Start Listening – System.Speech.Recognition

After having tested the speech synthesis part of SAPI, this post will present a little example to do speech recognition (SR). The goal of our little exploration is to listen to what a user says (using the English language) and “ignoring” anything but the word “Quit” (or any word that closely resembles “Quit”).

This goal is to be accomplished in 3 steps:

  1. Initialising the SR service to a user-defined speech, e.g.
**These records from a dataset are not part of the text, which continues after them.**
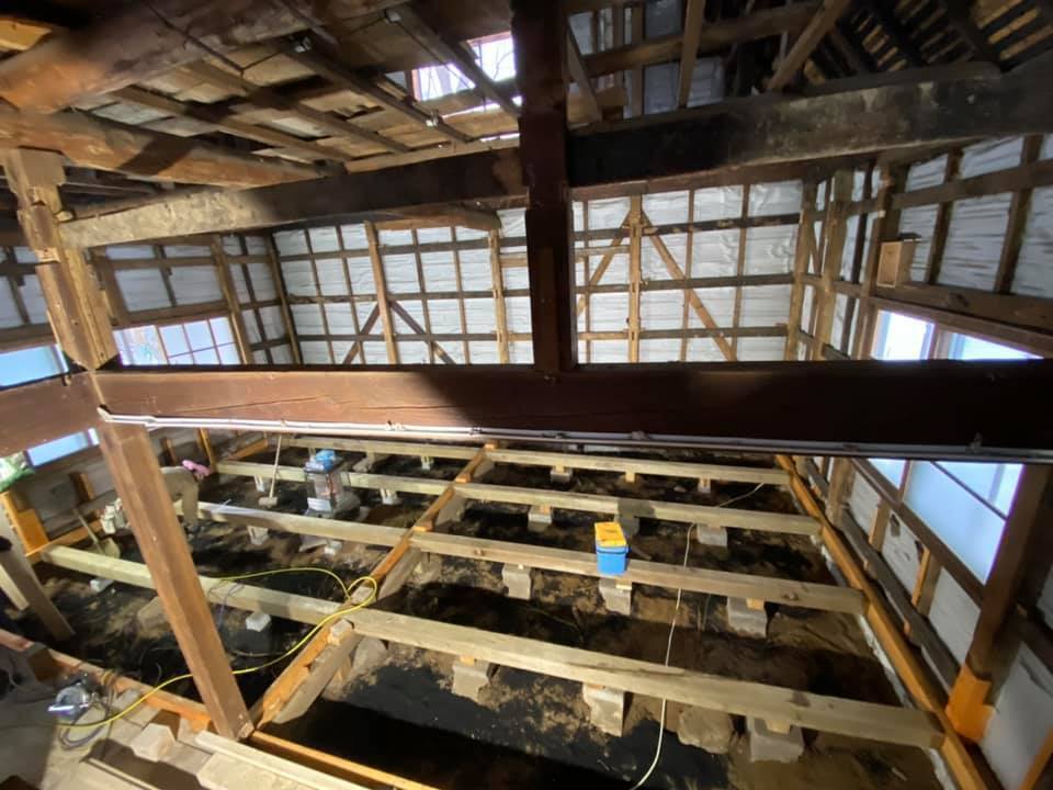 築86年の古民家の壁や床を取り払ってみると、丈夫な建物だとは言えそうにない状況でした。
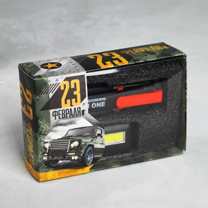 Набор аксессуаров для автомобиля «23 февраля» 2 в 1 (набор мульти-инструментов и фонарик на голову)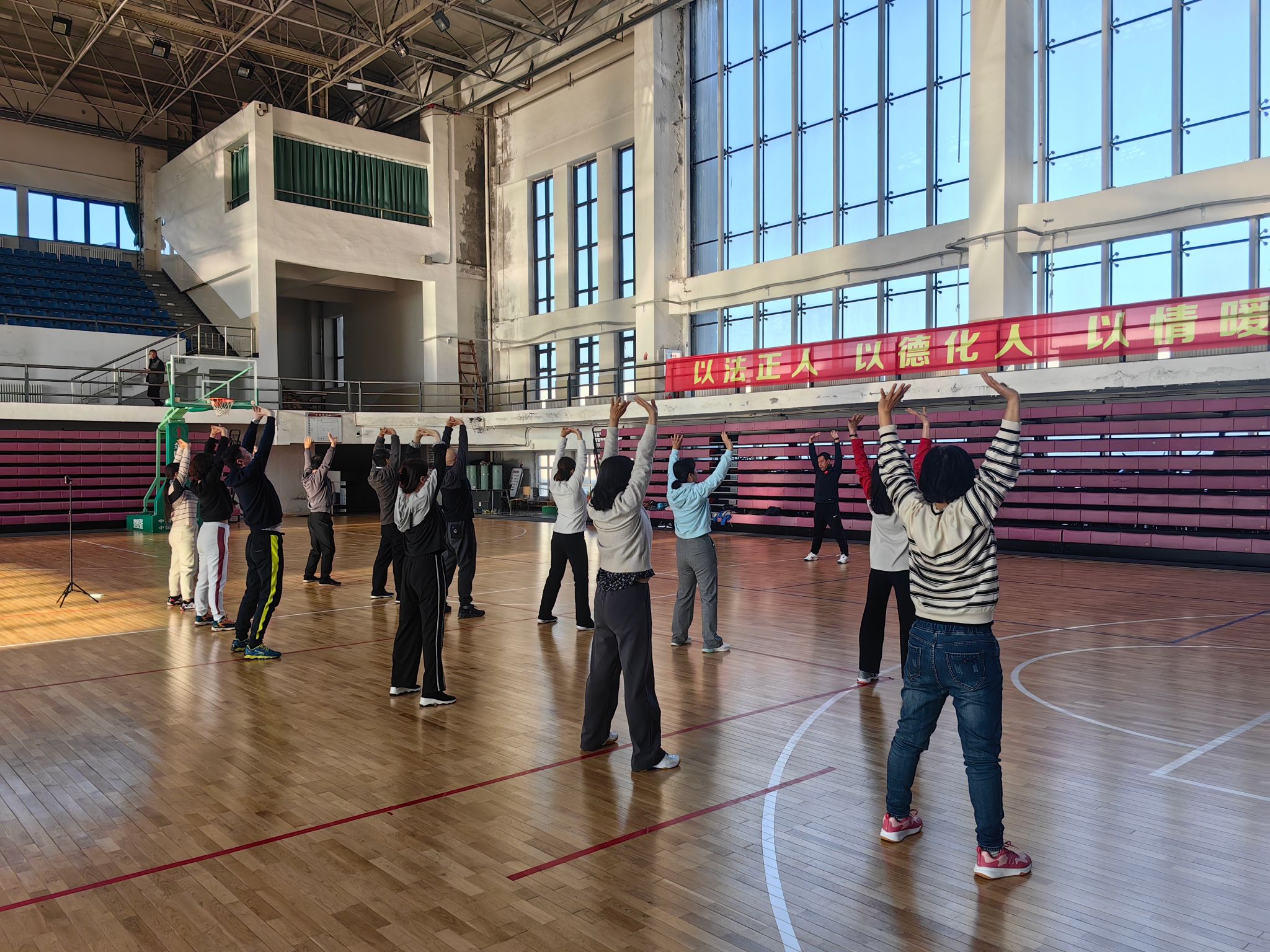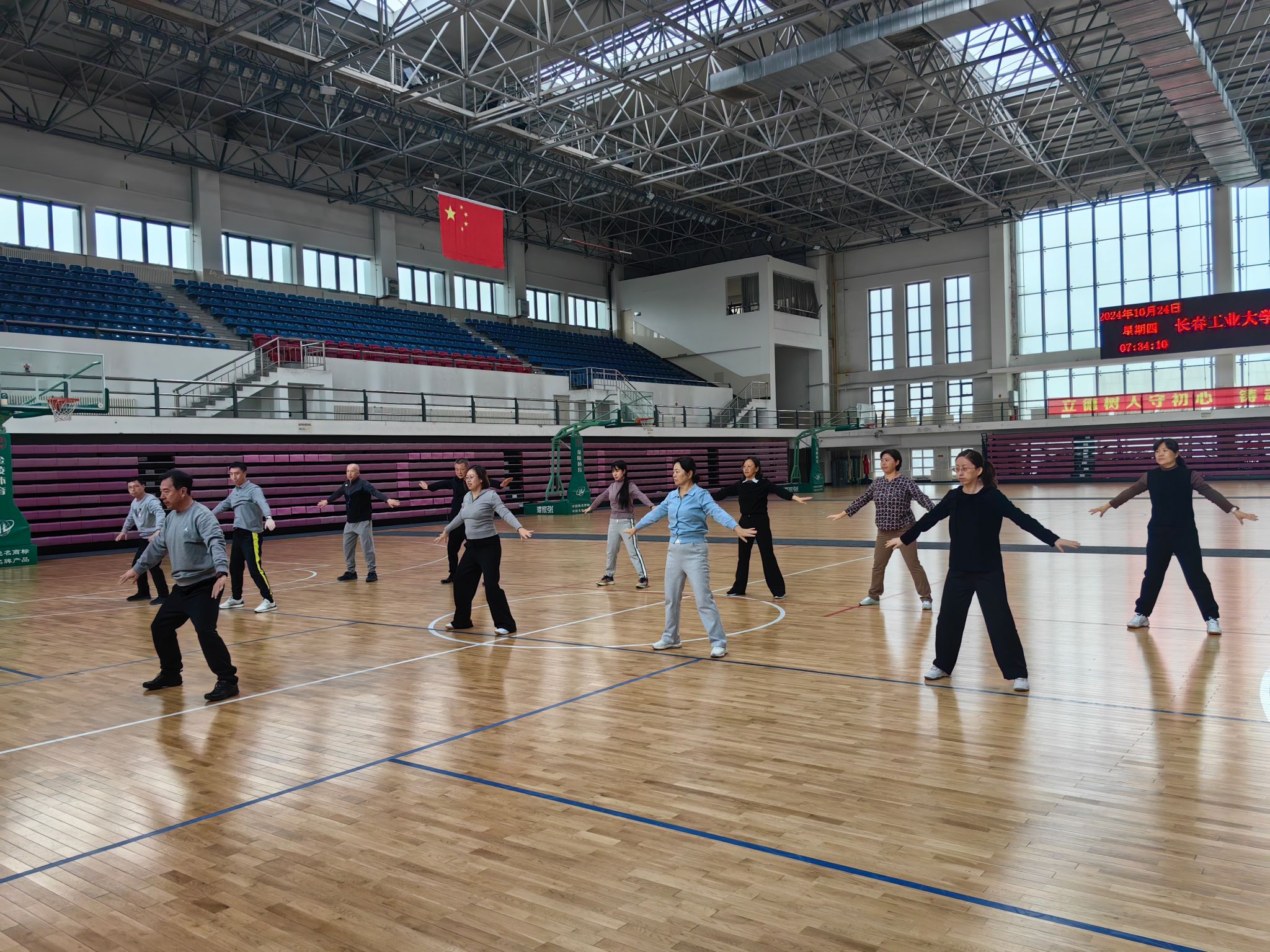 八段锦作为国家非物质文化遗产,具有调理脏腑、疏通经络、调和气血等多重功效。每周两次的晨练活动在南湖校区体育馆3楼准时开展。在奚主任的专业指导下,老师们系统学习了这套传承千年的养生功法。通过“双手托天理三焦”等八个经典动作,配合深长呼吸,能够有效缓解肩颈腰背疲劳,改善心肺功能,增强免疫力,不仅锻炼身体,还能放松心情,为一天的工作注入活力。同时,活动还融入其他健身养生操,为教职工提供多元化的健康选择。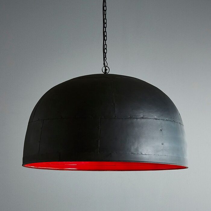 An over-sized riveted dome with a matte black exterior and a warm red interior.

US or UK English
  2. Starting the SR service
  3. Repeatedly polling for user input (with respect to some grace period) on the default audio input device (microphone, etc.)

The following (commented) code makes use of the defined steps and implements the goal very simply.

    1:  using System;
    2:  using System.Collections.Generic;
    3:  using System.Speech;
    4:  using System.Speech.Recognition;
    5:   
    6:  namespace Recognizer
    7:  {
    8:      class Program
    9:      {
   10:          static void Main(string[] args)
   11:          {
   12:              Console.WriteLine("Speech recognition example");
   13:   
   14:              System.Collections.ObjectModel.ReadOnlyCollection<RecognizerInfo> recognizedSpeeches = 
        System.Speech.Recognition.SpeechRecognitionEngine.InstalledRecognizers();
   15:   
   16:              if (recognizedSpeeches != null)
   17:              {
   18:                  /*
   19:                   * present SRs if any
   20:                   */
   21:                  Console.WriteLine("Recognized Speeches:");
   22:                  foreach (RecognizerInfo recognizedSpeech in recognizedSpeeches)
   23:                  {
   24:                      Console.WriteLine(string.Format("\t[+]{0} - {1}", 
               recognizedSpeech.Name, 
              recognizedSpeech.Description));
   25:                  }
   26:   
   27:                  int recognizerNumber = 0;
   28:   
   29:                  /*
   30:                   * let the user choose a localised SR - if any
   31:                   */
   32:                  Console.WriteLine("Which SR do you want to use?:");
   33:                  string srString = Console.ReadLine();
   34:   
   35:                  if (Int32.TryParse(srString, out recognizerNumber) &&
   36:                      recognizerNumber > -1 && recognizerNumber < recognizedSpeeches.Count)
   37:                  {
   38:                      Console.WriteLine("You choose: " + string.Format("{0}", 
                recognizedSpeeches[recognizerNumber].Name));
   39:                  }
   40:   
   41:                  SpeechRecognitionEngine engine =            new SpeechRecognitionEngine(recognizedSpeeches[recognizerNumber]);
   42:   
   43:                  /*
   44:                   * use the default audio device (configure to be appropriate mic, etc.)
   45:                   * hook up the event handler which notifies us in case SR has recognised something
   46:                   */
   47:                  engine.SetInputToDefaultAudioDevice();
   48:                  engine.SpeechDetected += new EventHandler<SpeechDetectedEventArgs>(engine_SpeechDetected);
   49:                  engine.LoadGrammar(new DictationGrammar());
   50:   
   51:                  Console.WriteLine("Please press <any key> and then say something ... ");
   52:                  Console.ReadLine();
   53:   
   54:                  /*
   55:                   * poll user input
   56:                   * 
   57:                   * wait for 30 seconds for some input
   58:                   * quit if user has said something like quit
   59:                   */
   60:                  while (true)
   61:                  {
   62:                      RecognitionResult srResult = engine.Recognize(new TimeSpan(0, 0, 30));
   63:   
   64:                      Console.WriteLine("Recognized: {0}\r\nConfidence: {1}", 
              srResult.Text, 
              srResult.Confidence.ToString());
   65:   
   66:                      if (srResult.Text.ToLower() == "quit")
   67:                      {
   68:                          Console.WriteLine("Quit ...");
   69:                          break;
   70:                      }
   71:                  }
   72:              }
   73:   
   74:              /*
   75:               * the end
   76:               */
   77:              Console.WriteLine("Press <any key> to exit!");
   78:              Console.ReadLine();
   79:          }
   80:   
   81:          static void engine_SpeechDetected(object sender, SpeechDetectedEventArgs e)
   82:          {
   83:              Console.WriteLine("Detected Speech ...");
   84:          }
   85:      }
   86:  }